Palestinians held in administrative detention are often held without charge or trial for months and without access to the evidence that led to their detention, even though international law stipulates this tactic only be used in exceptional circumstances.
The total figure of 319 represents a 500 percent increase over the same three-month period in 2014, which saw only 51 administrative detention orders issued.
Of the total, 109 were issued in January, 89 in February, and 121 were issued in March. 133 of the orders, or nearly 42 percent, targeted individuals from the Hebron district.
The report comes nearly a year after around 125 Palestinians in Israeli prison launched a nearly two-month hunger strike against Israel’s failure to end the practice of administrative detention.
In 2012, Israeli authorities said they would limit the practice as part of an agreement to end a hunger strike of more then 2,000 Palestinian prisoners at the time.
Despite this, Israeli failed to uphold the agreement and the practice continues until this day.
Spike in detentions in summer 2014
In October, Israeli human rights organization B’tselem warned that the number of Palestinians in administrative detention had soared to 470, the highest number in five years and triple the figure only a year before.
The largest number of administrative detentions came in the wake of the massive Israeli “Operation Brother’s Keeper” against Hamas members in the West Bank in June 2014, during which more than 1,000 people were rounded up.
Nearly a dozen were killed and more than 120 were injured during the raids, whose alleged purpose was to find those responsible for the abduction of three Israeli teenagers taken near the West Bank settlement of Gush Etzion.
The men responsible for the abduction, who had only tenuous links to Hamas and who appeared to have acted independently, were later found, but the hundreds of people rounded up in the weeks before were not released as a result.
Critics charged that Israel used the excuse of the abduction to launch a witch hunt against Hamas in the West Bank, which drove a wedge between Fatah and Hamas and refilled Israeli jails with Palestinian prisoners.
Further arrests were carried out in July and August 2014, when hundreds were held amid widespread protests against Israel’s bloody assault on Gaza. Rights groups said at least 250 Gazans were also arrested during that time during Israel’s brief land invasion.
Large numbers of those arrested have since been kept in the Israeli prison through renewals of administrative detentions, leaving them locked in jail with no chance of release or a fair trial.
Statistics released by Israeli military courts in the West Bank in 2011 showed that they approved 98.77 percent of all requests to extend the detention of Palestinian prisoners being held without charge or trial.

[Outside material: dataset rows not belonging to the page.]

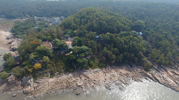 Cũng vào thời điểm này xuất hiện một loài thủy quái thường ăn thịt ngư dân ngoài biển, lúc lại vào làng sát hại dân lành, khiến nhiều người hoang mang, bỏ làng đi nơi khác kiếm sống. Để diệt bầy thủy quái giúp dân làng, chàng trai đã dùng thanh kiếm sắc rạch thân mình ra làm hai: một nửa cùng dân làng ra khơi đánh cá, nửa còn lại đứng ở đầu dãy núi Trường Lệ, từ đó bọn thủy quái không còn xuất hiện nữa. Dân làng ngày một đông vui, cá đầy khoang sau mỗi lần ra biển. Nhớ ơn chàng, dân làng xây đền trên núi Trường Lệ, gọi là Đền Độc Cước. Từ Đền Độc Cước, bạn có thể tận hưởng gió trời lồng lộng mang theo vị mặn của biển. Xa xa, những làng chài lấp ló sau rặng phi lao hát vi vu trong gió.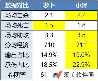 小泽可以说是上海EDG.M的晴雨表,颇有当年杭州LGD.NBW“小落不C下一把”那味儿。打到目前为止,小泽的参团率高达72.3%,比自家发育路凌云高了整整8.3个百分点,分均经济在对抗路仅次于苏州KSG的轻语,标准的边核。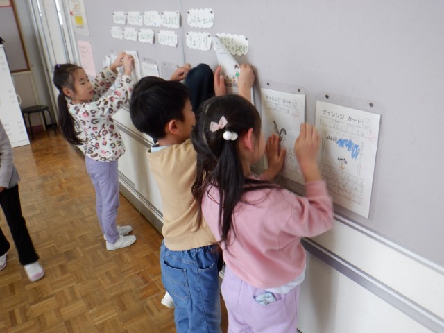 1年生は生活科で家族のお手伝いをがんばっています。お手伝いのコツを掲示したり、実際にやってみたお手伝いにシールを貼ったりして、がんばりをみんなで見合っています。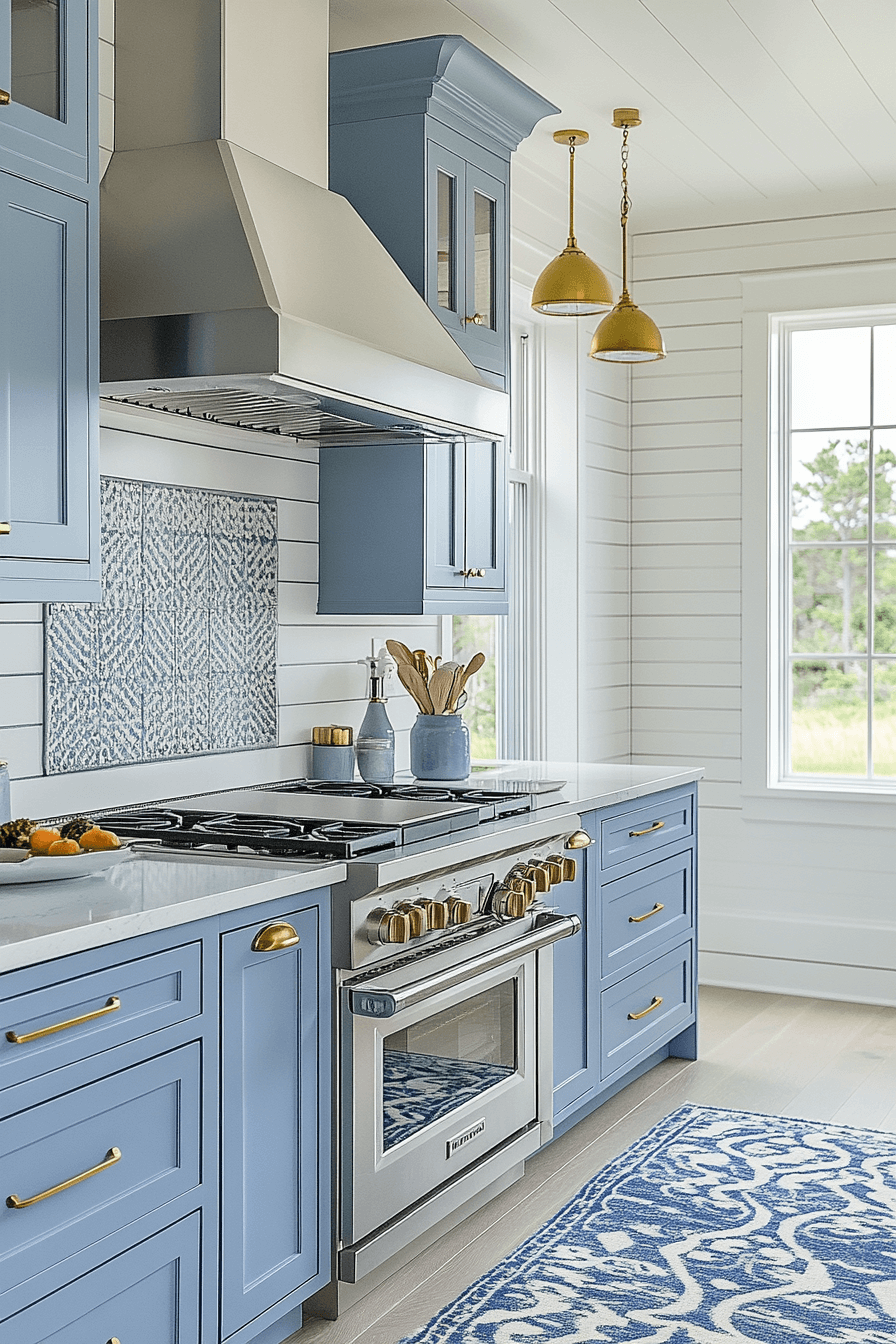 Layered shades of blue create depth and interest in a modern coastal kitchen. Deep base cabinets contrast beautifully with lighter backsplashes and counters. Metallic accents keep the palette bright and balanced. The design feels confident while remaining coastal at heart.

99.74 percent of Palestinians brought before them were convicted of their crimes, meanwhile, a statistic that many watchdogs say underlines the lack of justice for those tried in the Israeli military courts.
The Palestinian Prisoner’s Center for Studies urged the Palestinian Authority to present an urgent case against Israel in the International Criminal Court, which Palestine joined earlier this week.
Spokesman al-Ashqar argued that “misusing administrative detention is considered a war crime against Palestinians.”